I have NDs and a Nubian. The NDs have fantastic coats well equipped for the cold. Nubian not so much. She gets a wool sweater when it gets to -15 F, but I take it off as soon as it gets warmer again.
My heat lamp is in the chicken coop, and usually just to prewarm it, then gets turned off. I use the heat lamp in the newborn's warming barrel as well.
Here is a picture of the same goat, summer vs. winter:


----------



## NigerianDwarfOwner707 (May 17, 2018)

Old thread


----------



## Mini Oberhasli Owner (Sep 26, 2020)

MadHouse said:


> In Manitoba we have long winters that can get extremely cold, -40 or even colder. We have snow from Oct./Nov. until March/April.
> Because of that I have only one animal door to keep the heat loss at night to a minimum. No heat, except in the milk room, and that is on only when I am milking.
> My goats don't have the choice of in or out, I make that choice (because I have females and males and only one door).
> The door is open most of the day.
> ...


Thank you so much for the reply! My two 6 month old girls are starting to grow their coats already since we had a few nights near freezing  The biggest concern we have been struggling with is getting the ventilation right. We converted a 8x10 shed into their barn and opened up horizontal boards along the top of the roof for cross ventilation and plan to close their door in really cold weather with a dog door we cut to size. We have the door facing the prevailing wind so we put up wind blocks. I currently spot clean their shed (concrete flooring) every day and put down stall refresher to keep the ammonia down. I am hoping to use deep litter in winter as long as I can keep the ammonia levels down. It's going to be an experiment, but I get the sense a lot of new goat owners go through this learning process  It's been a steep learning curve for us, but I think we are getting a hold of the goat trade!


----------



## MadHouse (Oct 3, 2019)

I don’t know if your cold temps stay consistent, but here, I don’t have problems with ammonia smell in the winter.
I cover the pee and poo with a light layer of bedding every day.


----------



## Tanya (Mar 31, 2020)

In South Africa I dont get snow but we get biting winds and some winter rains. My two have a goat pen with an insulated doghouse to sleep in. They have dirt flooring covered in thick hay. This is cleaned every second day. The dog house is made of thick wood. Lined with carpet inside and a winter fleece blanket over the outside. Straw and blankets inside. Blankets are washed daily and fresh ones inside. They dont like it raining but have beautiful winter coats.


----------



## Mini Oberhasli Owner (Sep 26, 2020)

Tanya said:


> In South Africa I dont get snow but we get biting winds and some winter rains. My two have a goat pen with an insulated doghouse to sleep in. They have dirt flooring covered in thick hay. This is cleaned every second day. The dog house is made of thick wood. Lined with carpet inside and a winter fleece blanket over the outside. Straw and blankets inside. Blankets are washed daily and fresh ones inside. They dont like it raining but have beautiful winter coats.
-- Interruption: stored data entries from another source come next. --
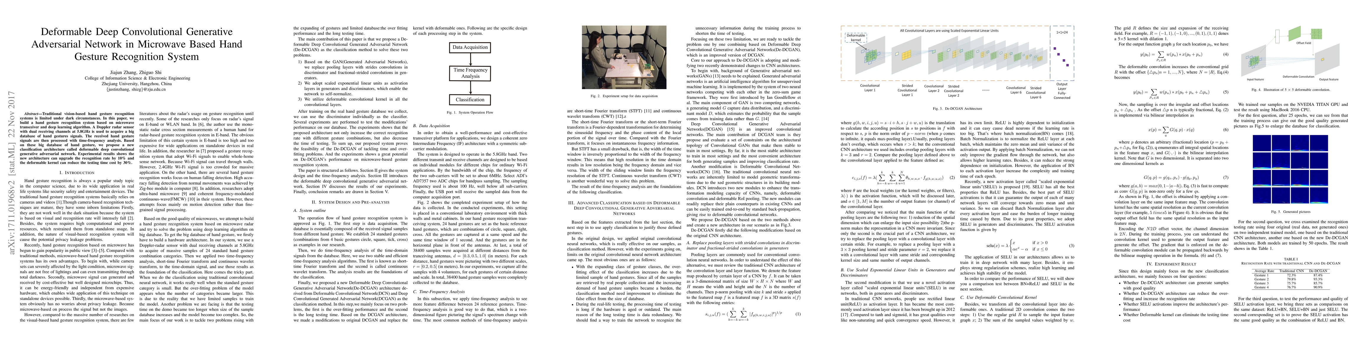 Traditional vision-based hand gesture recognition systems is limited under dark circumstances. In this paper, we build a hand gesture recognition system based on microwave transceiver and deep learning algorithm. A Doppler radar sensor with dual receiving channels at 5.8GHz is used to acquire a big database of hand gestures signals. The received hand gesture signals are then processed with time-frequency analysis. Based on these big databases of hand gesture, we propose a new machine learning architecture called deformable deep convolutional generative adversarial network. Experimental results show the new architecture can upgrade the recognition rate by 10% and the deformable kernel can reduce the testing time cost by 30%.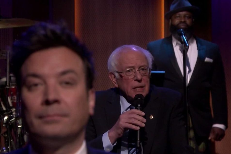 The senator was a good sport for the bit, though Fallon did most of the actual slow-jamming, referring to Sanders as “woke Doc Brown” and responding to the candidate’s declaration that “we can no longer tolerate three people hoarding more wealth than the bottom half of America. I have the experience to fight for that bottom half and to create an economy that works for all of us, not just those on top” with “awww yeah, Bernie Sanders is looking out for your bottom half.”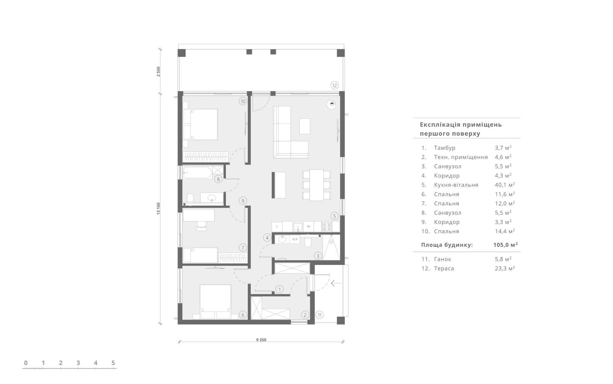 • Roof – SIP 220 mm (10 mm OSB-3, produced by EGGER, insulation by HIRSCH Porozell, Austria)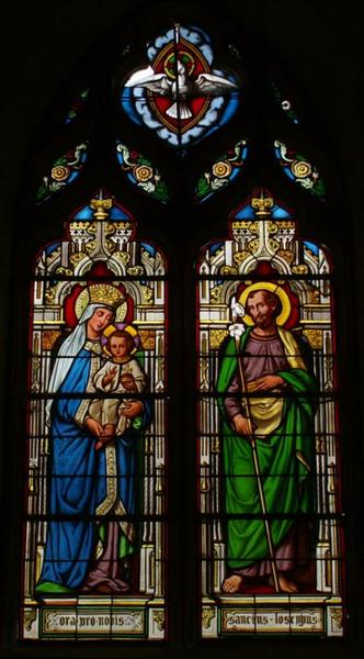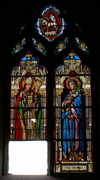 Ces quatre verrières, formant un ensemble homogène, présentent des personnages en pied sous un décor d'architecture. Sont ainsi figurés : la Vierge à l'Enfant et saint Joseph (baie 1), un saint évêque et sainte Solange (baie 2), saint Antoine l'ermite et saint Ursin (baie 3), saint Alexandre de Jérusalem et un soldat romain (baie 4).

That is super cute you put blankets in there for them  I would worry they would eat them! I will look into putting a curtain over the door where the wind comes in as long as I can 1) train them to go through it and 2) not eat it


----------



## Tanya (Mar 31, 2020)

@Mini Oberhasli Owner funny enough if the blankets are in the dog house they wont eat it. But outside its fair game. My Gizmo used to run around with his when he was much smaller. Now he ignores it.


----------



## alwaystj9 (Apr 10, 2019)

Yes...I keep my goats in the winter...........


----------



## Mini Oberhasli Owner (Sep 26, 2020)

When do you all start your deep litter? It is in the 30's here at night and 50's during the day. Is it too soon to start?


----------



## goatblessings (Jan 6, 2015)

I don't deep litter. Have found that unless it's under 20 throughout the day the goats do just fine. We have about the same weather, I just keep the hay rolling and the pens clean. Deep litte does hold in heat, but these temps right now it's unnecessary. It's a honking mess to clean in spring.


----------



## MadHouse (Oct 3, 2019)

Mini Oberhasli Owner said:


> When do you all start your deep litter? It is in the 30's here at night and 50's during the day. Is it too soon to start?


We have similar temperatures right now. I will wait another month before deep litter starts.


----------